_Exercise_
Required from the data below: the exact lines starting at the line containing "6月16日,在中南大学与湘潭" and ending at the line containing "В интернете появилось", with both ends kept and all pictures dropped.

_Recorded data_
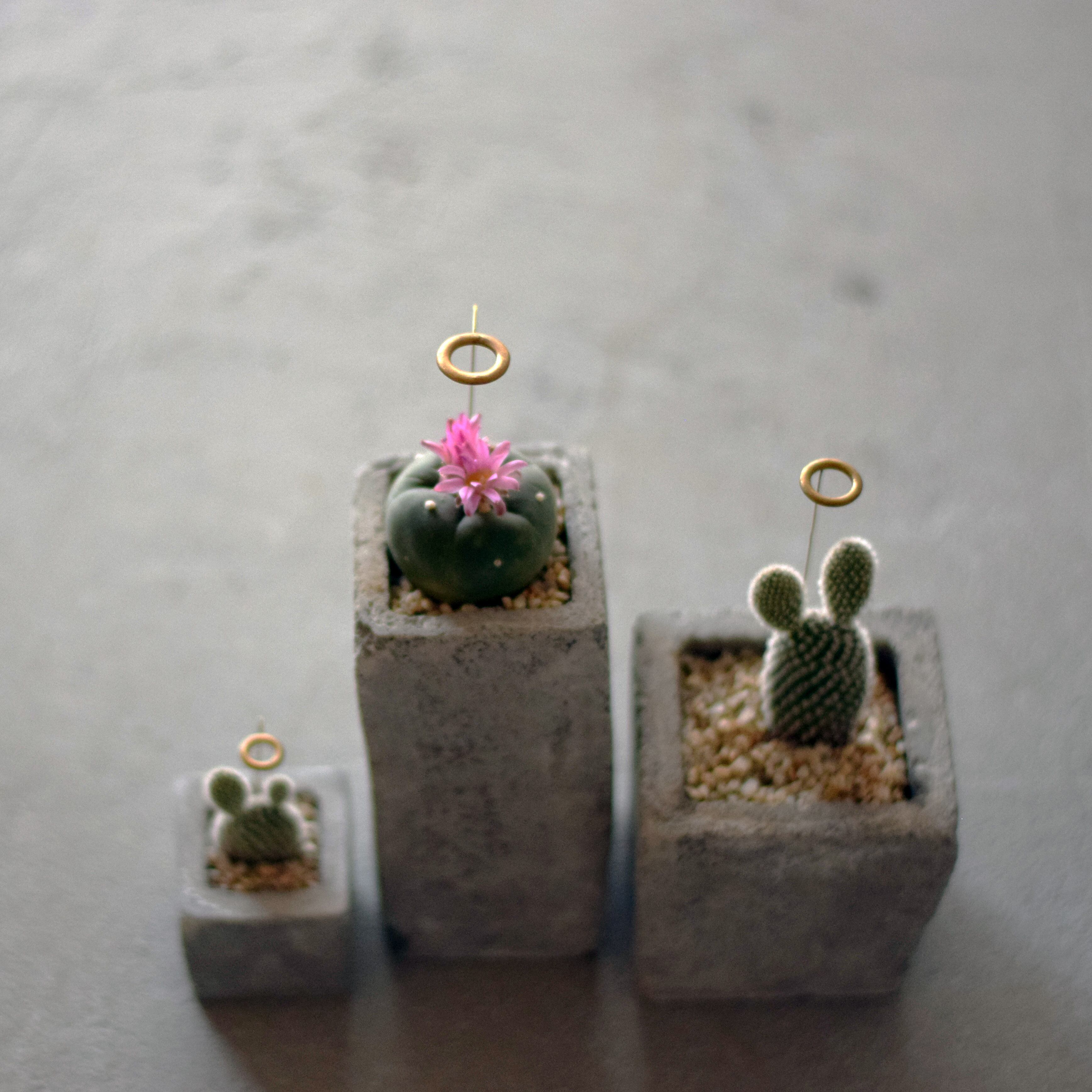 私はかわいいサボテンに祝福の気持ちを込め天使の輪をつけます。
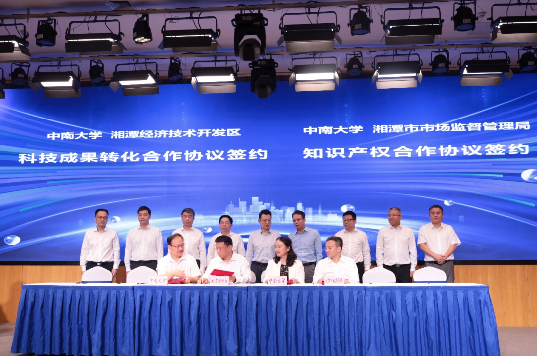 6月16日,在中南大学与湘潭市人民政府科技创新合作协议签约活动仪式上,中南大学知识产权研究院执行副院长、知识产权中心执行主任何炼红与湘潭市市场监督管理局局长赵波分别代表双方签署知识产权合作协议。湘潭市委副书记、市长胡贺波,副市长杨晓军、伍浩,中南大学校长李建成、副校长陈立章见证签约。
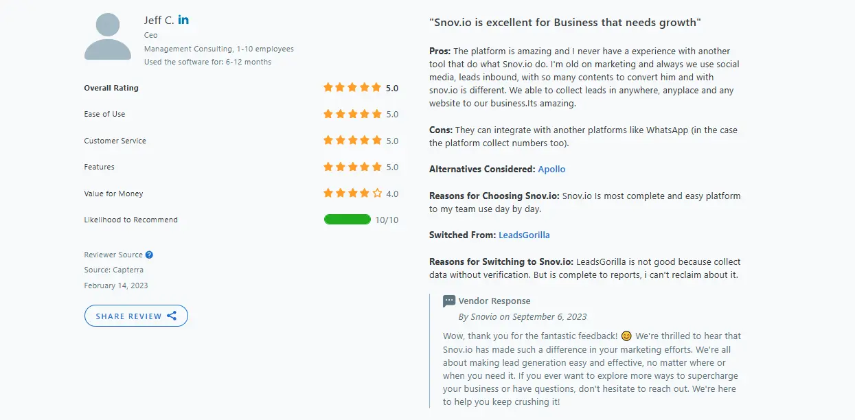Exemplary positive review about Snov.io:
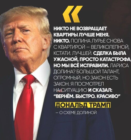 В интернете появилось сразу несколько мемов, где объединились Лариса Долина и президент США Дональд Трамп. Где-то американский лидер заявляет о своем влиянии на решение "квартирного вопроса", а где-то певица объясняет ему "казус с Аляской".
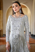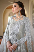 A silver-toned mermaid cut gown crafted from luxurious lama, this piece features a cutwork neckline and an elegant train at the back. The gown is heavily adorned with silver embellishment, sage resham, dabka, moti, tiki stones, sequins, and cutdana for a high-impact shimmer. It comes with a sheer net dupatta, finished with matching border work and delicate chan.
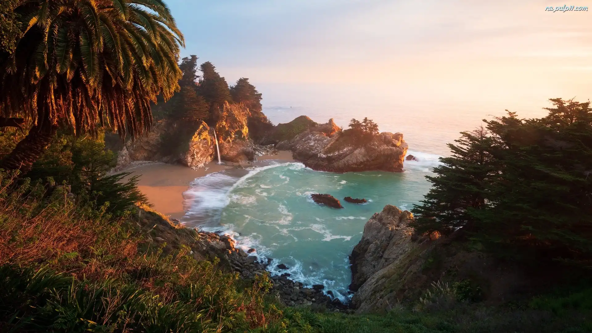 Wybrzeże, Morze, Big Sur, Stany Zjednoczone, Drzewa, Skały, Kalifornia, Park Stanowy Julia Pfeiffer Burns Na Pulpit |
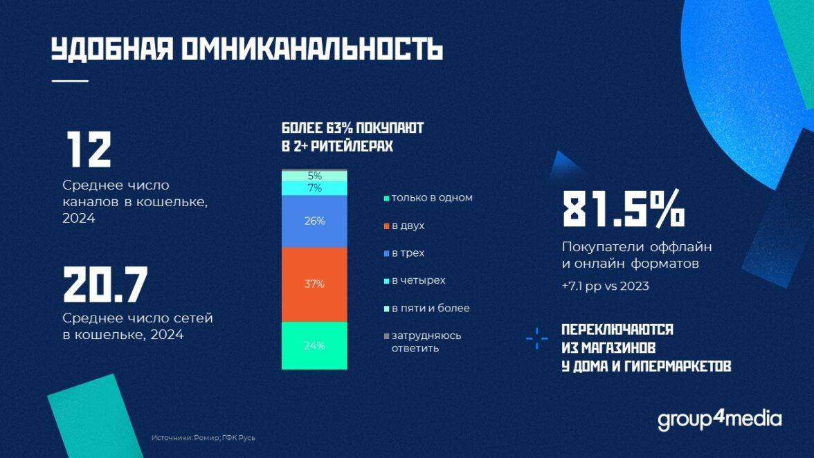Сами платформы становятся мультиформатными: потребитель переключается между онлайн и оффлайн — более 81% покупателей используют оба канала, а число ритейлеров в личном «кошельке» пользователя превышает 20***. Развивается геймификация, контент-коммерция, блогерские активации — все это делает e-commerce не просто каналом продаж, а средой вовлечения и лояльности.
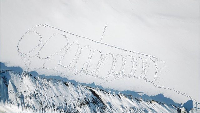 海風過強空拍機無法飛太高,每次起飛都擔心會墜機,捏了好幾把冷汗。為了在雪地上寫
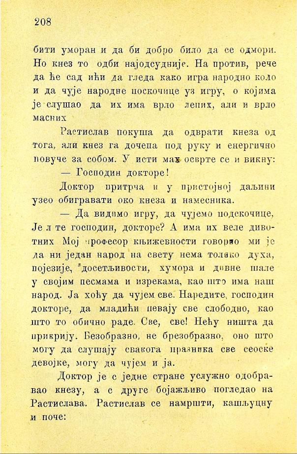 — Да видимо игру, да чујемо подскочице, Је л те господин, докторе? А има их веле дивотних. Мој професор књижевности говорио ми је да ни један народ на свету нема толико духа, појезије, досетљивости, хумора и дивне шале у својим песмама и изрекама, као што има наш народ. Ја хоћу да чујем све. Наредите, господин докторе, да младићи певају све слободно, као што то обично раде. Све, све! Нећу ништа да прикрију. Безобразно, не брезобразно, оно што могу да слушају свакога празника све сеоске девојке, могу да чујем и ја.
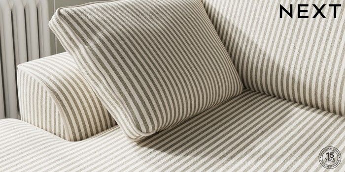 7.3.1 Buy Stamford Medium Sofa Chaise - Left Hand Chenille Stripe Moss Green Large Square Angle - Brushed Brass from the Laura Ashley online shop Click here to use our website with more accessibility support, for example screen readers
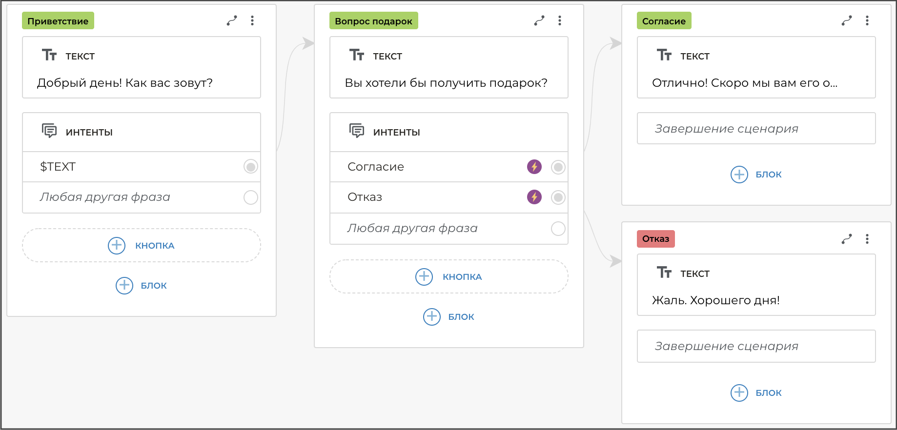 Например у вас есть кампания, в рамках которой боты предлагают вашим клиентам подарок за использование сервиса. Для экрана с вопросом о том, хочет ли клиент получить подарок, вы указали метку Вопрос подарок:

_Problem solution_
 6月16日,在中南大学与湘潭市人民政府科技创新合作协议签约活动仪式上,中南大学知识产权研究院执行副院长、知识产权中心执行主任何炼红与湘潭市市场监督管理局局长赵波分别代表双方签署知识产权合作协议。湘潭市委副书记、市长胡贺波,副市长杨晓军、伍浩,中南大学校长李建成、副校长陈立章见证签约。
Exemplary positive review about Snov.io:
 В интернете появилось сразу несколько мемов, где объединились Лариса Долина и президент США Дональд Трамп. Где-то американский лидер заявляет о своем влиянии на решение "квартирного вопроса", а где-то певица объясняет ему "казус с Аляской".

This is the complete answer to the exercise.